- [DATA BELOW]:
------------------------------------

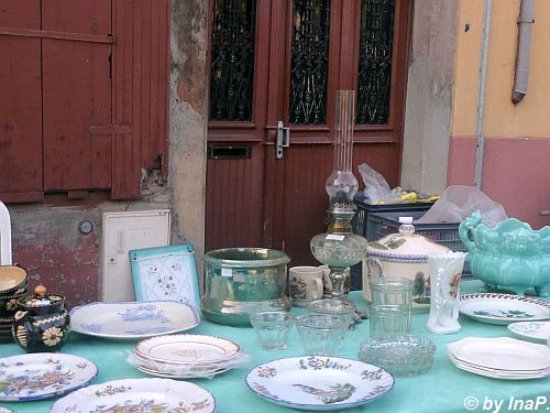 und danach stürzten wir uns ins Getümmel. Es gab einen wunderschönen Flohmarkt der den Namen auch verdiente, das halbe Dorf war mit Ständen von Privatleuten übersäht. Am Dorfende gab es noch einen Wochenmarkt mit Obst und Gemüse.
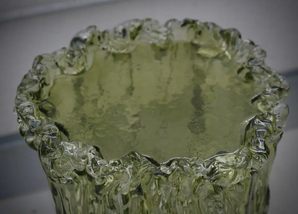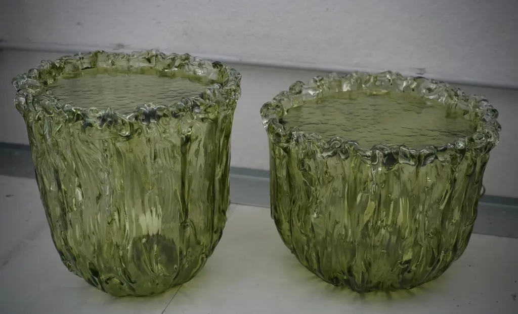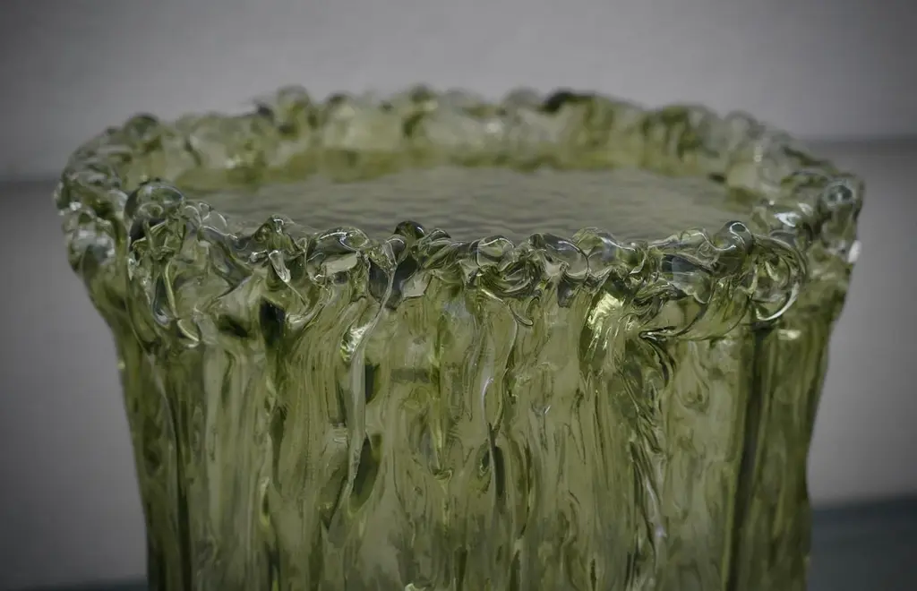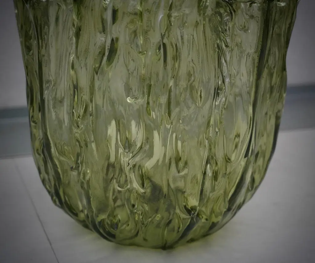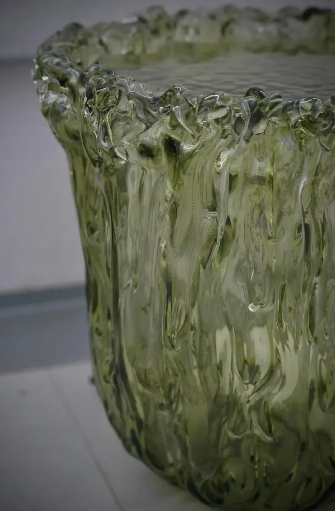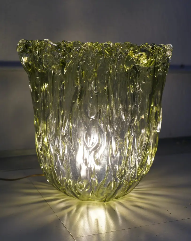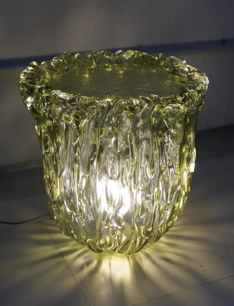 Very special Murano glass coffee table, in an exciting shade of green, with a very original design, a real Murano glass sculpture.The coffee table is composed of a large base in the shape of a Murano glass vase and an overlying disk that closes it, also in Murano glass, which rests and forms the top, taking up the jagged shape of the perimeter of the vase. The coffee table has a very high thickness of glass, almost like a "submerged" glass. Its color is very beautiful, an intense olive green; note the processing of the Murano glass looks like a section of a cut tree trunk. Inside there is a light bulb that transforms the coffee table into a floor lamp, wanting to give a softer light to the environment in which it is positioned. Like a refined and elegant sculpture, it will integrate perfectly into your home. Combined with LU952844519092.Wear consistent with age and use. Each item offered by the HannauRoma warehouse is checked by our team of craftsmen. We guarantee a very high quality standard, ask our design specialists for detailed information.
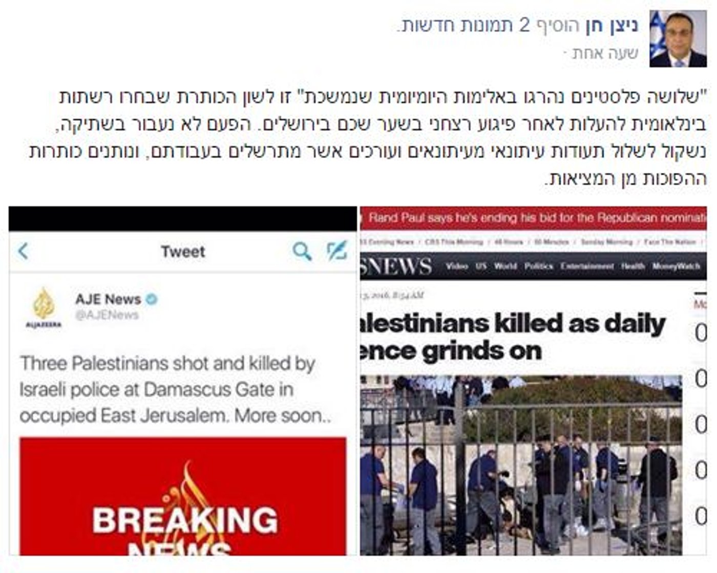 אלא שב-CBS הדיווח היה על כך ש"שלושה פלסטינים נהרגו באירוע האלימות היומי", ובאלג'זירה הדיווח היה על כך ש"שלושה פלסטינים נורו ונהרגו על ידי שוטרים ישראלים בירושלים הכבושה".

------------------------------------

- [PROBLEM STATEMENT]: Exactly the lines from the one containing "Very special Murano" through the last line of the data above should be output, both ends included, with every picture left out.

- [YOUR SOLUTION]:
 Very special Murano glass coffee table, in an exciting shade of green, with a very original design, a real Murano glass sculpture.The coffee table is composed of a large base in the shape of a Murano glass vase and an overlying disk that closes it, also in Murano glass, which rests and forms the top, taking up the jagged shape of the perimeter of the vase. The coffee table has a very high thickness of glass, almost like a "submerged" glass. Its color is very beautiful, an intense olive green; note the processing of the Murano glass looks like a section of a cut tree trunk. Inside there is a light bulb that transforms the coffee table into a floor lamp, wanting to give a softer light to the environment in which it is positioned. Like a refined and elegant sculpture, it will integrate perfectly into your home. Combined with LU952844519092.Wear consistent with age and use. Each item offered by the HannauRoma warehouse is checked by our team of craftsmen. We guarantee a very high quality standard, ask our design specialists for detailed information.
 אלא שב-CBS הדיווח היה על כך ש"שלושה פלסטינים נהרגו באירוע האלימות היומי", ובאלג'זירה הדיווח היה על כך ש"שלושה פלסטינים נורו ונהרגו על ידי שוטרים ישראלים בירושלים הכבושה".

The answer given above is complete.